For decades, trauma treatment focused almost entirely on the mind. On talking through what happened. On reframing the story, examining the thoughts, building insight. This approach has helped many people. But for a significant number of trauma survivors — perhaps the majority — talking isn't enough. Something deeper remains. Something that lives not in the narrative but in the body itself.
What the Research Shows
The first randomized controlled trial of Somatic Experiencing, published in the peer-reviewed Journal of Traumatic Stress, enrolled 63 participants who met full diagnostic criteria for PTSD. Participants were randomly assigned to receive 15 sessions of Somatic Experiencing or to a waitlist control group. The results were significant — and clinically meaningful. Those who received Somatic Experiencing showed substantial reductions in posttraumatic symptom severity with effect sizes ranging from 0.94 to 1.26, and significant improvements in depression as well.
What makes this finding particularly important is not just that it worked — but how it worked. Somatic Experiencing does not require clients to repeatedly revisit the traumatic memory. It does not rely on narrative reconstruction or cognitive reframing. It works at the level of the nervous system, helping the body complete the survival responses that trauma interrupted.
"Trauma is not what happened to you. Trauma is what happened inside you as a result of what happened to you." — Gabor Maté
Why Talk Therapy Alone Often Isn't Enough
When something overwhelming happens, the body responds before the mind can process it. The heart races. The muscles brace. The breath shortens. The nervous system mobilizes for survival. In most cases, once the threat passes, the body completes this cycle and returns to regulation. But in trauma, something interrupts that completion. The survival energy gets stuck — held in the body as chronic tension, hypervigilance, numbness, or dissociation.
Talk therapy works from the top down — from the cortex, the thinking brain, downward. But trauma lives lower, in the brainstem and limbic system, in the parts of the nervous system that don't speak in words. This is why some clients can narrate their trauma with clinical precision and still feel its full weight in their bodies. The story is processed. The body hasn't caught up yet.
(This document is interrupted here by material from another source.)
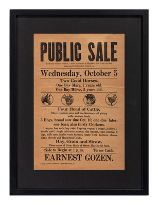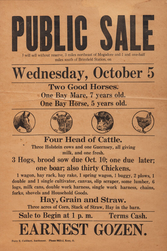 promoting a livestock auction of lots including two good horses and a brood sow due Oct. 10, and three acres of Corn, stack of Straw, and Hay in the barn.

What Somatic Experiencing Does Differently
Somatic Experiencing, developed by Dr. Peter Levine, works from the bottom up. It begins not with the story but with the body — with what you notice in your chest, your belly, your throat. With where you feel tension or numbness or that subtle sense of bracing. The therapist tracks these physical sensations with you, helping the nervous system gradually complete what it couldn't complete at the time of the original event.
This approach does not require you to relive the trauma. It does not require exposure to the most painful material right away. It works gently, building capacity in the nervous system over time, so that what felt overwhelming becomes workable — and eventually, integrated.
"The body keeps the score. And the body can also balance it." — Bessel van der Kolk
What This Means for You
If you have tried therapy before and felt like you understood your trauma intellectually but still felt its grip in your daily life — in your relationships, your body, your capacity for pleasure and connection — somatic therapy may be what you have been missing. Understanding is not the same as healing. Healing requires the body.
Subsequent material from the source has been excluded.